## What you have to do
Unless it is a picture, every line from the start of the entries through the line with "FIGURE 1. DAILY" must be retyped exactly.

## Records from a collection
◇ ◇ ◇ ◇ ◇

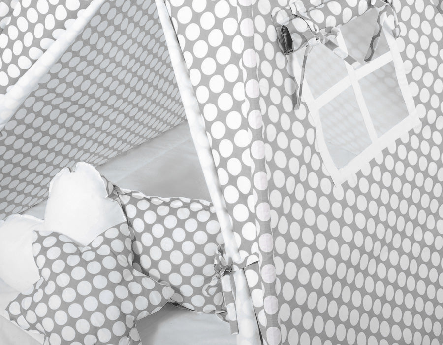 Tipi Tent voor Kinderen + Decoratieve Veren – Grijs met Witte Dots
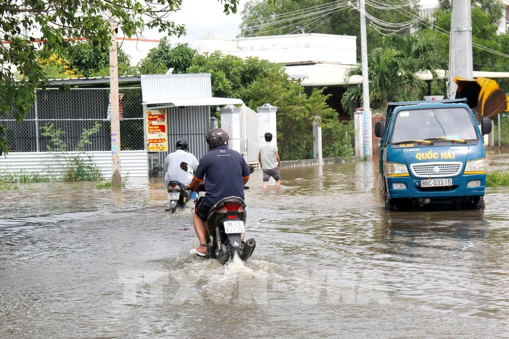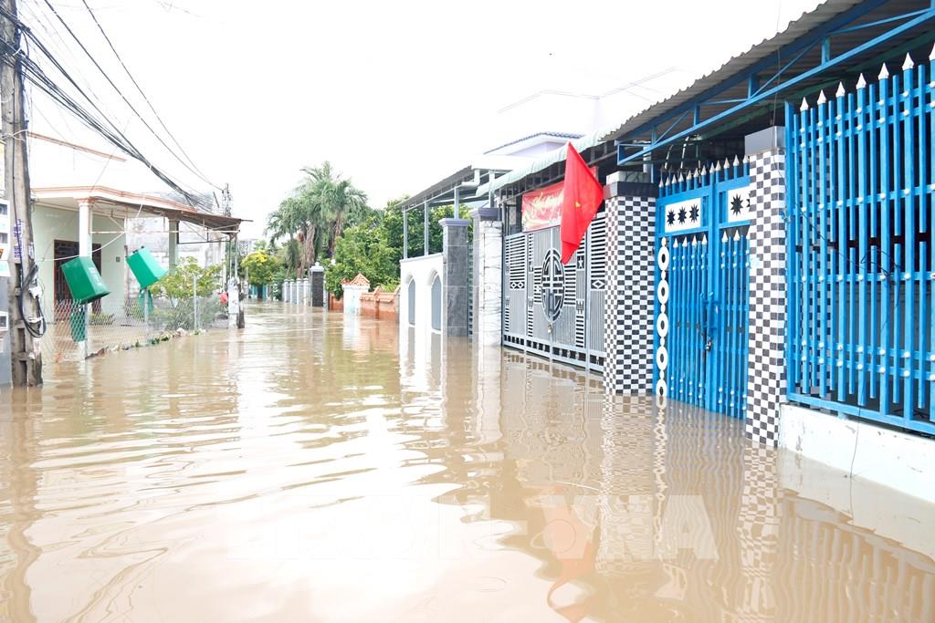 Nhiều tuyến đường trung tâm tại phường Bình Thuận vẫn ngập sâu trong nước, người dân đi lại khó khăn. Ảnh:
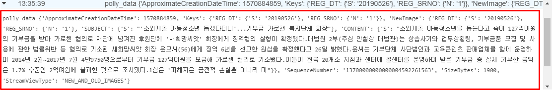 이제까지 DynamoDB와 Lambda를 Trigger 연결하였다. 이제 Trigger 연결된 Lambda에 DyanamoDB Insert 데이터가 잘 들어오는지 확인을 하고 Polly로 원하는 데이터를 보낼 수 있도록 데이터 정제 작업을 진행하도록 하겠다.
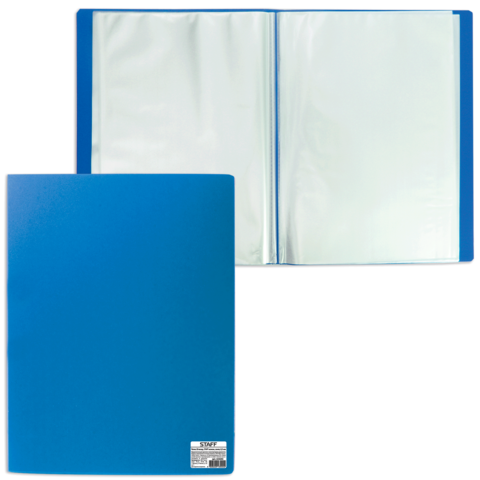 Папка A4 с 30 прозрачными вкладышами Staff 225696 эконом, синяя, 0.5мм
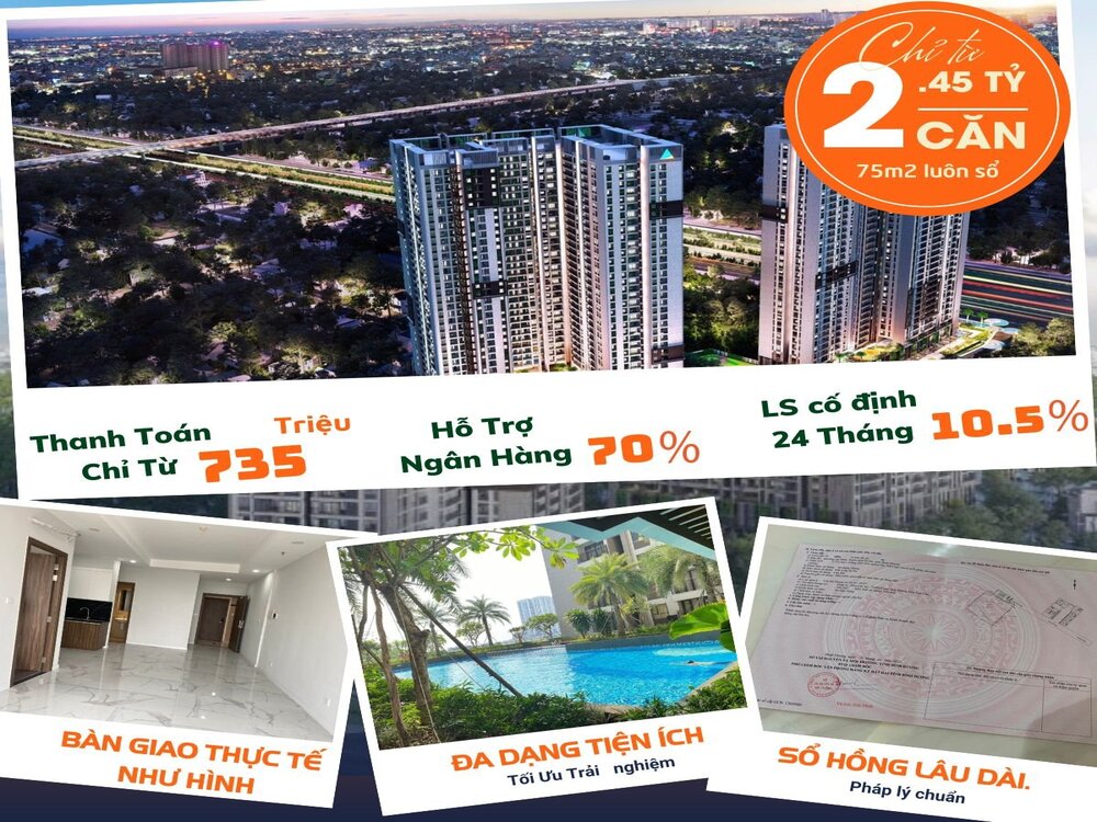 - Diện tích: 76m2, căn 2PN, giá chỉ 2,45 tỷ.
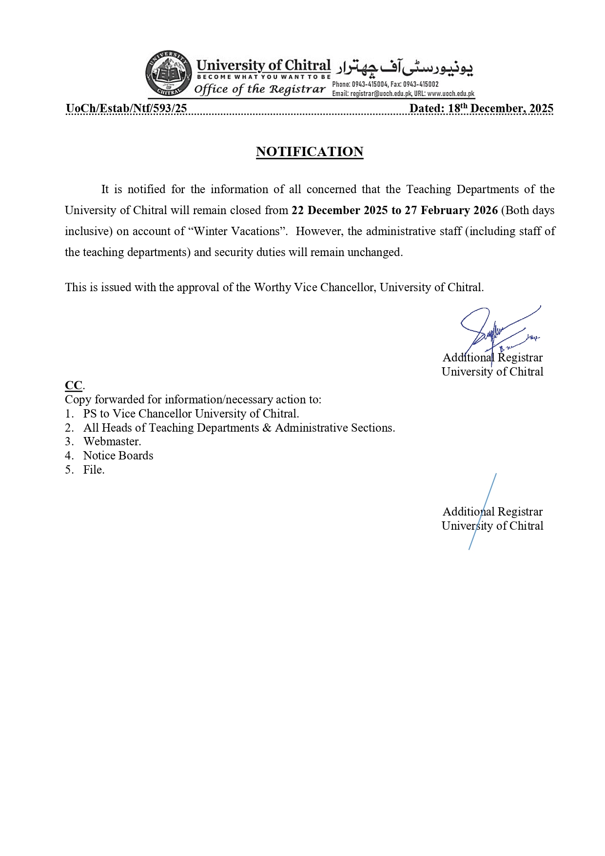• University of Chitral will remain closed on account of "Quid-eAzam Day" on Thursday 25th December 2025
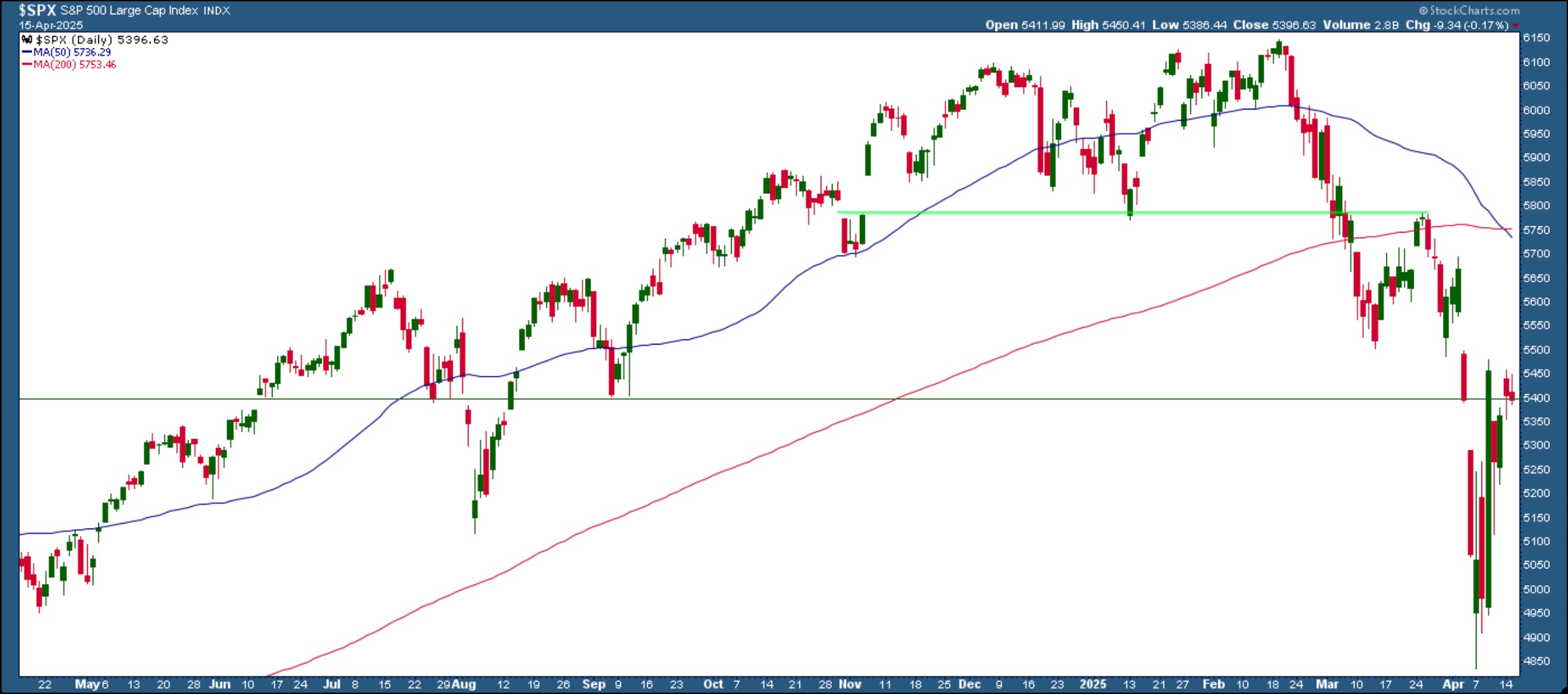 FIGURE 1. DAILY CHART OF S&P 500. After falling below its 200-day moving average, the S&P 500 is struggling to remain above at its 5400 level. Will it hold? Chart source: StockCharts.com. For educational purposes.
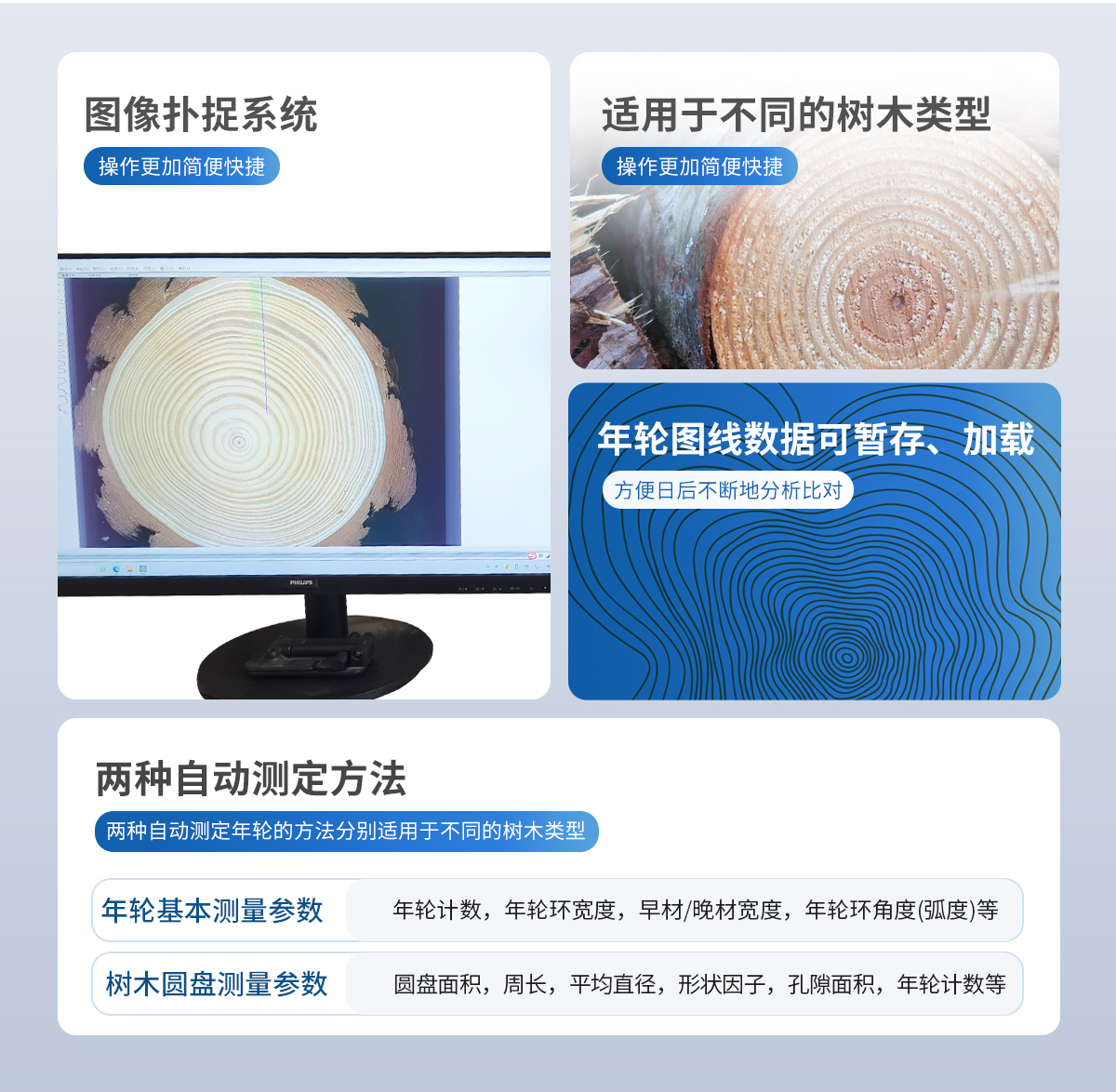 1、水平或垂直方向測量年輪、沿直線方向測量年輪(單節(jié))、年輪寬度測量、自動年輪監(jiān)測方式(強度不同)、忽略缺口部分、邊材寬度測量、估算丟失的年輪、以各種方向測量年輪、測量復(fù)雜形狀的樣品年輪(多節(jié))、添加相關(guān)年輪、早材晚材寬度測量、每環(huán)的反射光測量(**值、*小值、平均值、方向)、存儲*后部分年輪、可自定義一些參數(shù)(例如:名字、類型等)、圖像編輯、批量分析。 2、植物年輪測量分析: (1)可自動判讀年輪數(shù)、各年輪平均寬度、早材及晚材寬度、各年輪切向角度和面積、可自動劃分出年輪邊界、早材邊界、晚材邊界,以及識別出很窄的樹輪??山换h除偽年輪、插入斷年輪,亦可分析樹木圓盤面積,周長,平均直徑,形狀因子,孔隙面積,年輪技術(shù)等。 (2)可自動生成國際上通行的分析年表。分析獲得的測量數(shù)據(jù)具備進一步做交叉定年、數(shù)據(jù)分析處理能力。 (3)具有年輪圖線數(shù)據(jù)暫存、加載特性,以便日后不斷地分析比對。 (4)具有精細分析的“軟件體視鏡”特性。有路徑端點吸附定位特性,對不滿意的分析路徑還可斷開、刪除、增加與編輯,以及可將分析結(jié)果圖線保存。 (5)圖線上調(diào)整角度具有跟隨特性,畫路徑的時候可取消或刪除??芍苯臃治鲞_到1GB超高精度掃描的年輪圖像。具有對年輪寬度<0.2mm的極精細年輪的自動分析能力。 (6)可計算樹盤總面積??杀4婊蜃x取TIFF、BMP、PNG、JPEG標(biāo)準(zhǔn)格式的圖像。 3、系統(tǒng)自帶標(biāo)定功能、XY向可分別標(biāo)定修正。具有跟隨放大鏡功能,通過鼠標(biāo)拖動**測量。圖像可放大縮小和局部觀察,可實現(xiàn)鼠標(biāo)區(qū)域選擇統(tǒng)計。分析圖像、分布圖、結(jié)果數(shù)據(jù)可保存,分析結(jié)果輸出至Excel表,可輸出分析標(biāo)記圖。

◇ ◇ ◇ ◇ ◇

## Solved problem
 Tipi Tent voor Kinderen + Decoratieve Veren – Grijs met Witte Dots
 Nhiều tuyến đường trung tâm tại phường Bình Thuận vẫn ngập sâu trong nước, người dân đi lại khó khăn. Ảnh:
 이제까지 DynamoDB와 Lambda를 Trigger 연결하였다. 이제 Trigger 연결된 Lambda에 DyanamoDB Insert 데이터가 잘 들어오는지 확인을 하고 Polly로 원하는 데이터를 보낼 수 있도록 데이터 정제 작업을 진행하도록 하겠다.
 Папка A4 с 30 прозрачными вкладышами Staff 225696 эконом, синяя, 0.5мм
 - Diện tích: 76m2, căn 2PN, giá chỉ 2,45 tỷ.
• University of Chitral will remain closed on account of "Quid-eAzam Day" on Thursday 25th December 2025
 FIGURE 1. DAILY CHART OF S&P 500. After falling below its 200-day moving average, the S&P 500 is struggling to remain above at its 5400 level. Will it hold? Chart source: StockCharts.com. For educational purposes.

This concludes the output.